BiotechDispatch sat down with Joaquin Duato, global head of the Johnson & Johnson pharmaceuticals division, Janssen, during his current visit to Australia.
The discussion focused on Australia's strengths and weaknesses when it comes to attracting investment, including intellectual property, market access and pricing, as well as frustrations in the US over single-payer systems like the PBS.
"Investment will go to areas where you have better protection for intellectual property. So, if you think about Australia in the context of other countries, and you are thinking about investing here, the protections for intellectual property are going to be an important area,” said Mr Duato.
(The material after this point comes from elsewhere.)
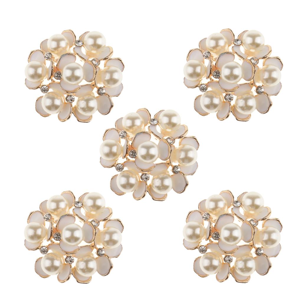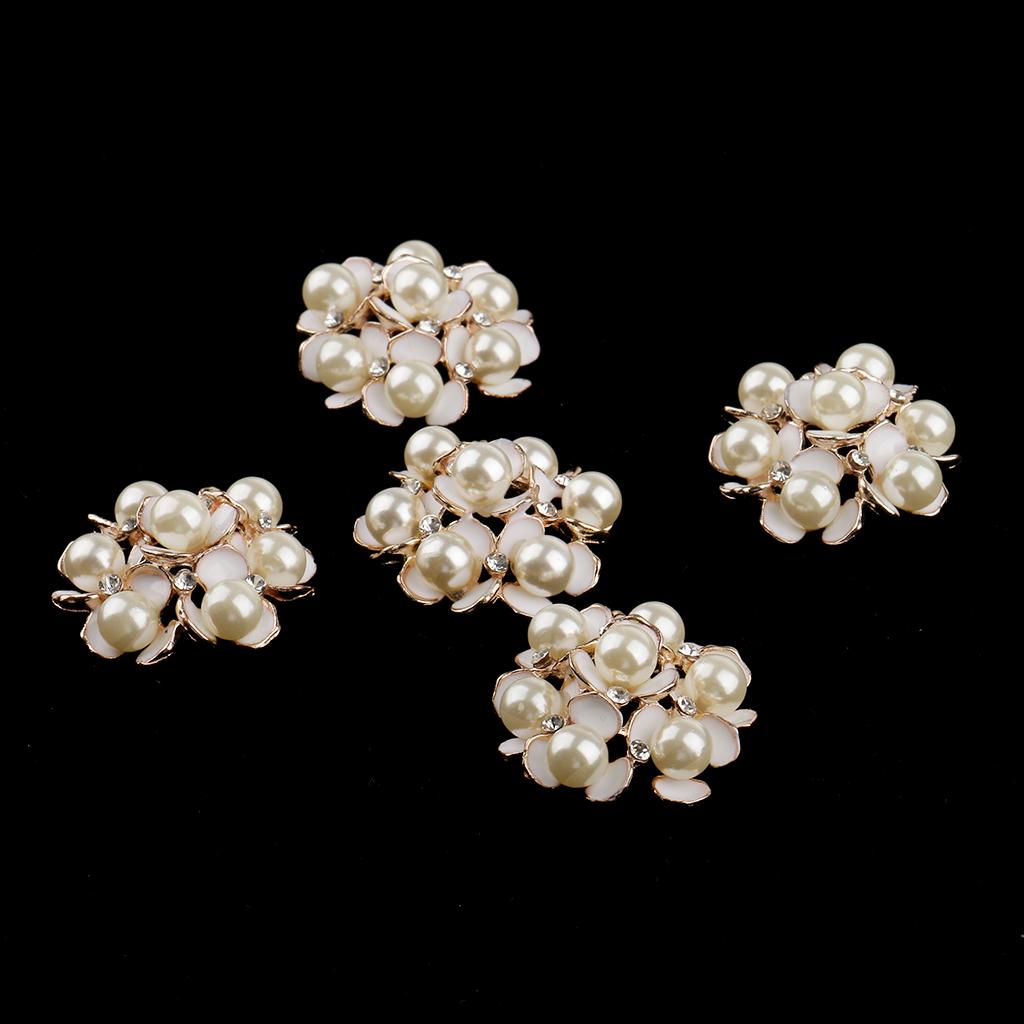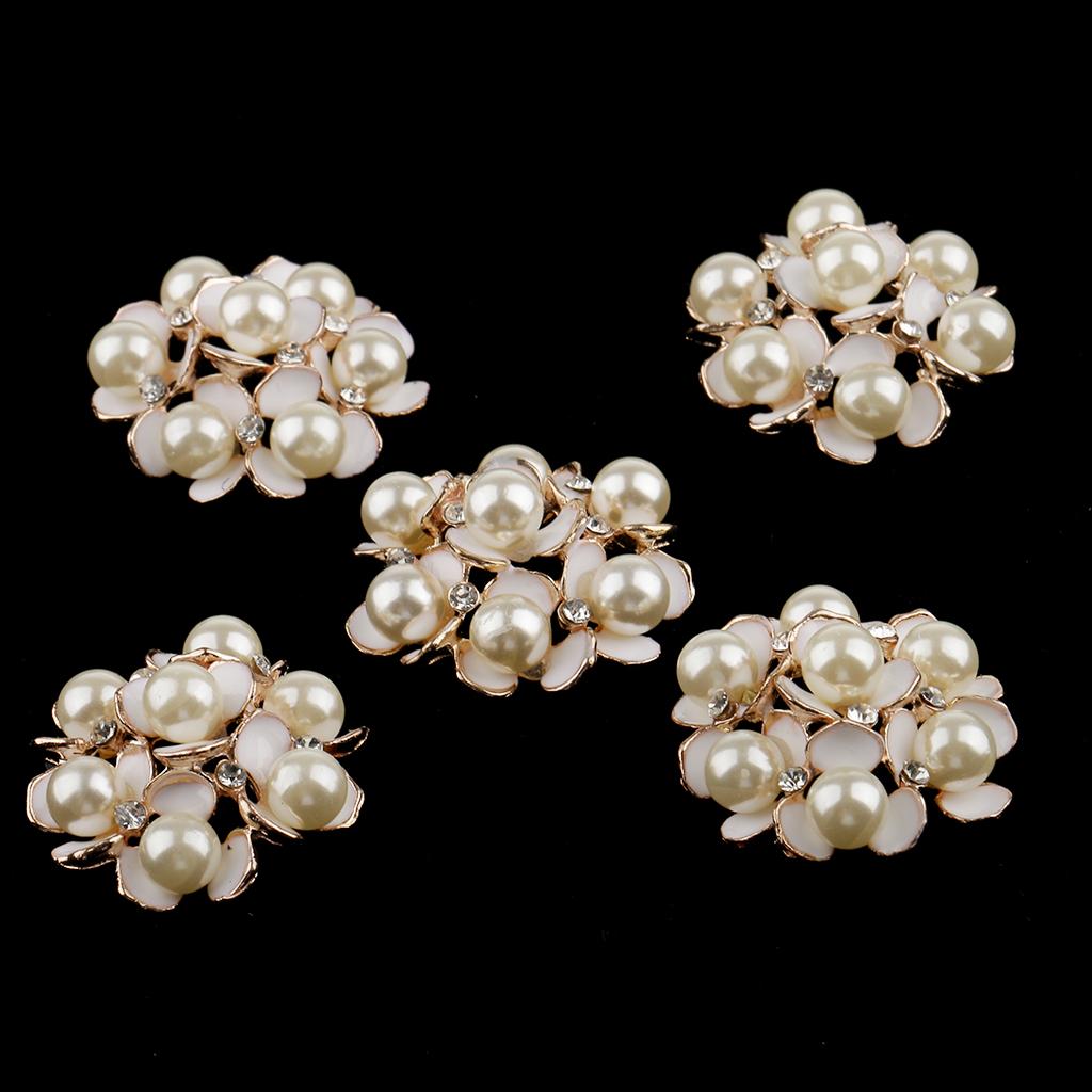 5 Pieces Pearl Rhinestone Flower Embellishments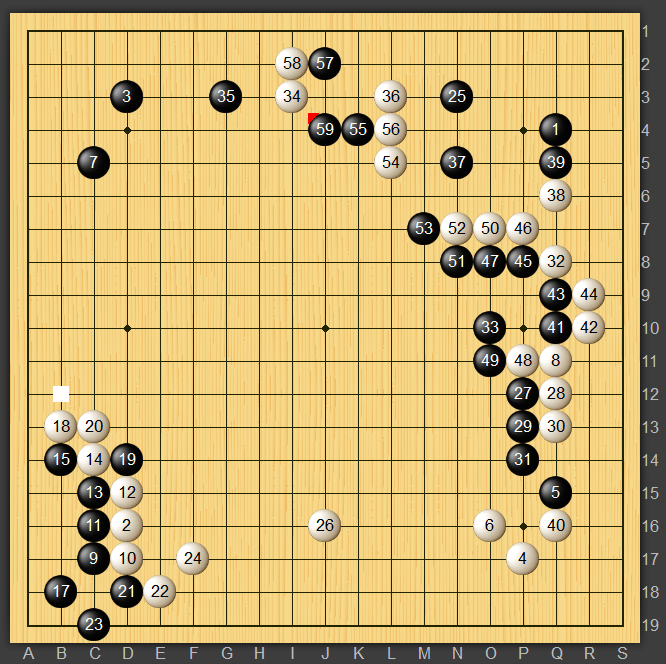 黒59は謎の一手ですね、出ギリを打たれても分断できると思ったらカケで二目取られる手を見落としていたのでしょう笑

"Australia, compared to say China, is not taking a lead on intellectual property. In China we have good regulation and data protection. Australia, when it came to the Trans Pacific Partnership Agreement, was one of the countries opposed to including stronger data protection and that is unsatisfactory.”
The original TPPA text agreed by the twelve countries, including the US, included an ambiguous outcome on data protection for biologics. Australia was considered the country that led the push against inclusion of a mandated 8-12 year data protection period.
Mr Duato argues Australia’s position ultimately only hurts local innovation and investment.
"Competitively, when Australia thinks about attracting capital, you really have to think about protections for intellectual property. It is not so much an issue about our potential business opportunity. It is more that you are naturally going to go to the countries more aggressive in protecting intellectual property.”
According to Mr Duato, who until recently was chair of the US-based equivalent of Medicines Australia, PhRMA, like corporate tax levels, intellectual property protections are a reflection of how seriously a country values innovation and a research-based life sciences industry.
"If you have a country that is making an effort to improve ways of protecting intellectual property, then you take seriously what those countries say, which is that they want a significant life sciences sector.
"If a country is not taking those measures, you really question whether they are serious about creating a strong life sciences sector."
On Australia, Mr Duato said Australia is strong in the production of science, and also a place where Johnson & Johnson has done many deals, pointing to a recent partnership with Protagonist Therapeutics with the potential to deliver $1.2 billion to the company founded in 2001 and spun out of the University of Queensland.
"On the other side, when it comes to providing strong intellectual property protection or pricing and reimbursement stability, I would say Australia is lacking.
"Over the long-term, that is not a good position to create a strong life sciences sector. As a matter of fact, while there is a lot of research in Australia, there are very few Australian companies at a global scale.
"You have to question the domestic Australian market and whether it is providing the kind of reward to local companies to grow then jump into other markets."
He said if Australian governments are serious about life sciences innovation they have to "walk the talk" about the environment.
On pricing, Mr Duato said the real issue in the US is what consumers are being forced to pay.
"Actual pharmaceutical prices are flat, like in Australia, but what the patient pays out-of-pocket is coming up. Co-pays are higher than before so, while pharmaceutical prices paid to companies are flat, that is not how consumers are feeling it at the pharmacy counter.
"This has become a political issue. Politicians in the US then see what other countries are paying and wonder why they have to pay more than Europe and Australia?"
He said one of the issues is the comparison of list prices in the US with those in other countries. "You are not paying a list price but the heavily discounted net price.”
He continued, "The other issue is that, unlike the US, many countries we work in are single payers. In these markets, in order to ensure patient access, we have to give prices that are much lower than in the US. The US strongly believes that means they are subsidising the rest of the world, including countries like Australia.
"The current US administration wants to do something, to get lower prices in the US, but also to get other countries to pay more for the innovation."
On the question of how, Mr Duato said the issue goes beyond price. "It is not only about price. it is about intellectual property and other regulations that may be against innovation. There are many things the US could do from a trade agreement perspective in addition to price.
"On price, the list price may not change in countries like Australia, but the question has to be around policies like mandatory price cuts for patented medicines.
"This is why we need to work as an industry, through our associations. We can shape opinions as individual companies but for long-term and meaningful change we have to work as an industry. That is why I am very supportive of us engaging, as Johnson & Johnson, as part of industry. It may never be exactly what we want but eventually and pragmatically it is the most effective way."
Mr Duato held meetings with health minister Greg Hunt and prime minister Malcolm Turnbull.